Он не очень-то верил в эти мистические штучки-дрючки, всякие "летающие тарелки" и "снежных людей", но понимал, что подоплекой любой мистики могут быть обычные и не очень человеческие деяния.

– Да ведь нету там никакой компании, – махнул рукой Пухов. – Это я её так называю, что б, ну, хоть как-то обозначить. Девчонки-то давно выросли, по разным домам разъехались, вот и школу закончили в прошлом году. Одна – на комбинате работает, вторая уехала из города, в институт поступила, третья пока бездельничает, вроде как, себя ищет, а я думаю, что просто замуж собирается, не хочет нигде особо пристраиваться, что б потом не рвать по живому, к рабочему коллективу-то привыкаешь не хуже, чем к родителям или дворовым друзьям-подругам.

Но это только во-первых.
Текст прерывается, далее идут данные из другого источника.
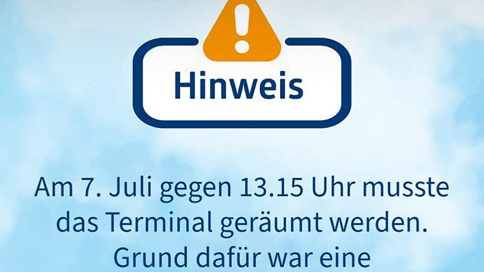 "Wir bitte um Ihr Verständnis und um Entschuldigung", schreibt der Airport Nürnberg am Sonntag (7. Juli 2024) in seiner Instagram-Story. Ein Terminal musste komplett geräumt werden, nachdem sich dort bereits kontrollierte und noch nicht kontrollierte Passagiere zeitgleich aufgehalten hatten.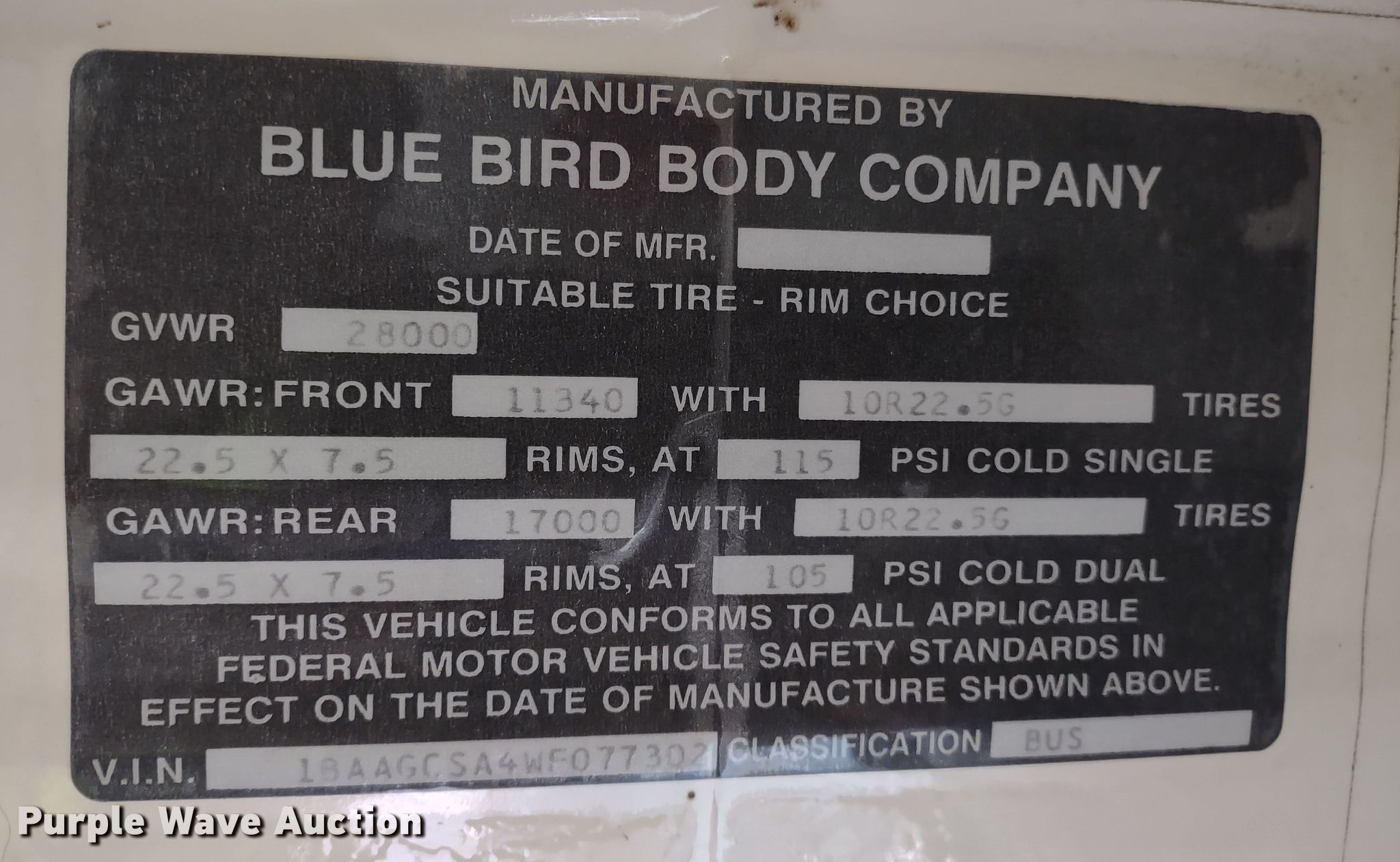 Purple Wave is selling a used Bus in Kansas. This item is a 1998 Blue Bird TC2000 school bus with the following: Miles: 108,108 on odometer, Hours: 7,541 on meter, VIN: 1BAAGCSA4WF077302

Во-вторых, на такие дела серьезных людей отвлекать смысла нет. Это не оперативная надобность, ни шпионы заграничные, ни диверсанты или какой еще подрывной элемент, непосредственно безопасности страны угрожающий. Стажерок брать тоже не хочется, они же, как любой стажер, подвигами грезят, достижениями, славой, а тут нужно просто походить вместе на танцы, в кино, поговорить, послушать, авось, что и прояснится.

Ну, и третье. Пробовали мы этот вариант. Не в том смысле, что кого-то внедряли, а просто поручили сотрудникам местным с той девчонкой, что на комбинате работает, потоптаться месячишко… ну, быть постоянно рядом, приглядывать за контактами. Так вот, проделали такую комбинацию несколько раз. И, значит, местных привлекали, и своих людей давали, иногородних, пришлых, то есть. И всё в пустую. Не получается этот контакт мистический, когда с ней кто-то рядом из тех, кого не было тогда в лагере… Плохо сказал? Ну, пока рядом с девчонкой посторонние, никто на контакт не идет. Если она одна или с теми же подругами, с кем в лагерь ходила, то – получается. Уже через пару дней они свои "страшные сказки" по всему городу рассказывают… Как"…вышел из зыбкого тумана черный человек, посмотрел на нас железными глазами…", ну, и так далее…"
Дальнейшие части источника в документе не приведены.